По дороге её била дрожь, и о выпитом роме Лизавета явно пожалела, но за это утро она сделала значительно больше, чем за предыдущие пару недель. Она рассчитывала снова зажить в своём бешеном темпе, из которого её выбил последний заказ (и Шура), снова, ни на что не отвлекаясь, нестись вперёд, чтобы не успевать испугаться. Перерывы и остановки выбивали её из колеи. Меньше сидеть в мастерской, меньше слушать шум под окнами. Снова существовать так, словно у неё есть контракт и начальство.
Она подстёгивает лошадь. Ей нужно было спешить.
С заказа Лизавета возвращается пешком. Рука у неё и правда дрогнула, но только слегка — стоило ей заехать в село, как её лошадь сбил с ног упырь, а сама Лизавета едва успела, упав, отскочить в сторону. Может, она могла бы успеть убить его до того, как он убил лошадь, но тем не менее она опоздала. Как выясняется позже, упырь жил здесь уже довольно давно, но местные кое-как его задабривали. До определённого времени, пока он не стал в два раза больше своей изначальной формы неупокоенного трупа, и его аппетиты соответственно не возросли.
По случаю такой неудачи, как лишение средства передвижения, местные предлагают Лизавете ночлежку, но она отказывается. Ей нельзя было стоять на месте. Ей нужно было бежать, чтобы не сойти с ума.
Впрочем, об этом она тоже вскоре жалеет.
Возможно, иногда ей стоило просто позволить себе немножко того, чего она считала для себя сумасшествием — отступления.

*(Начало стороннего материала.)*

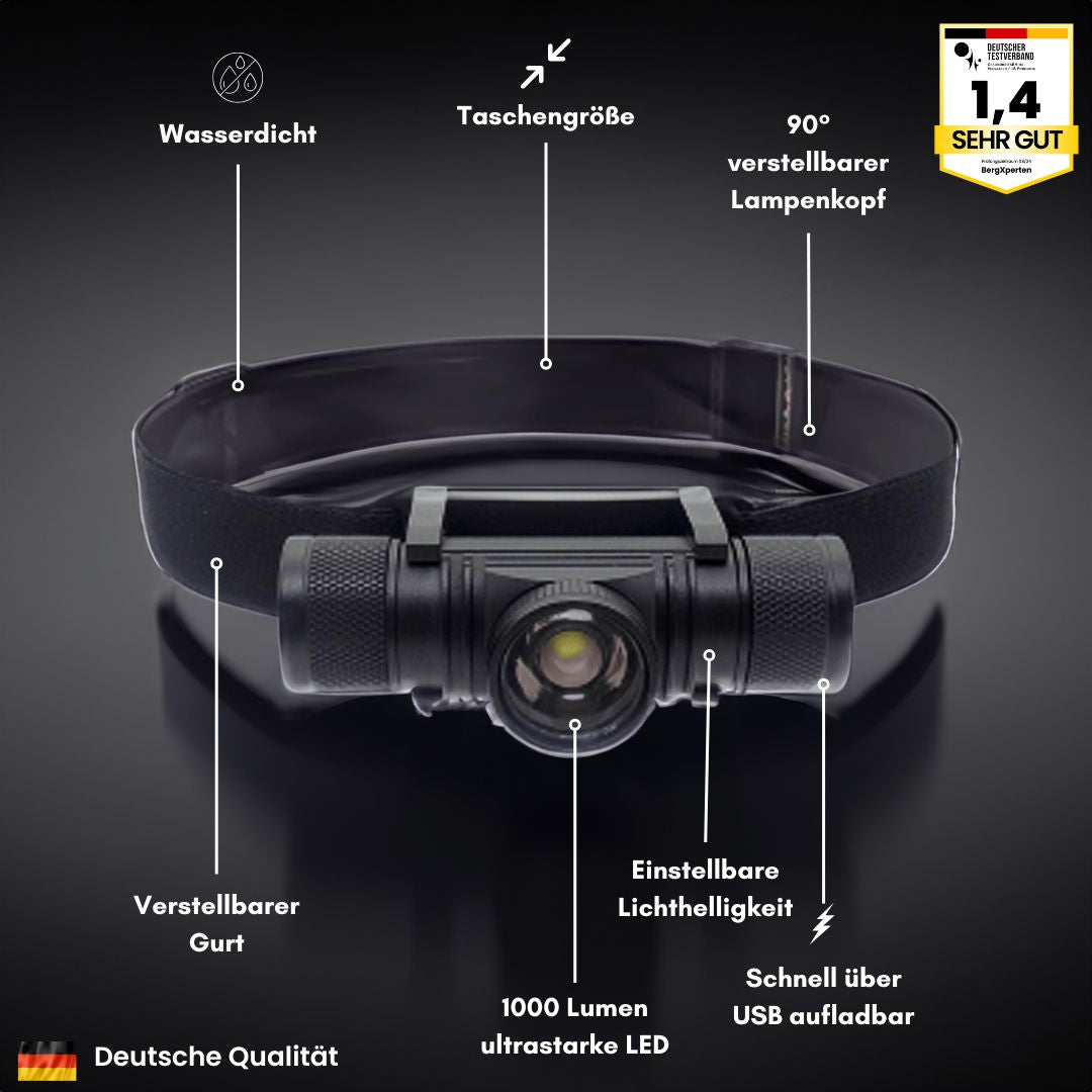 ✅ Bis zu 1000 Lumen Leuchtkraft, perfekt für tiefste Dunkelheit und anspruchsvolle Bedingungen

Но ей всё-таки приходится дать крюк, потому что ночь где-то переждать было необходимо. Она направляется в ближайший постоялый двор, прекрасно зная, что она никак не успеет добраться до наступления темноты. Об этом решении она жалеет уже когда проходит едва ли треть пути. Она устала — скоро были бы уже сутки, как она не спала, и её угол обзора, и без того урезанный одним глазом, будто бы стал ещё меньше, а вид черед очки, которые она брала заместо монокля на определённо не мирные заказы, казался заляпанным, но Лизавета проверяла — это не линзы. Лизавета прибавляет шагу просто чтобы не возникало необходимости фокусировать зрение, и сосредотачивается на этом так, что слишком поздно замечает, как в десятке метров впереди неё на тропу выскакивает обращённый человек, настигая преследуемую им лисицу. И снова, как и до этого упырь, как назло, слева, где была слепая зона Лизаветы. Оборотень, впрочем, её тоже не заметил, слишком увлечённый пойманным животным. Руки и ноги оборотня были чудовищно деформированы, до неудобства, и двигался он скорее нескладно, но от того не менее быстро и хищно.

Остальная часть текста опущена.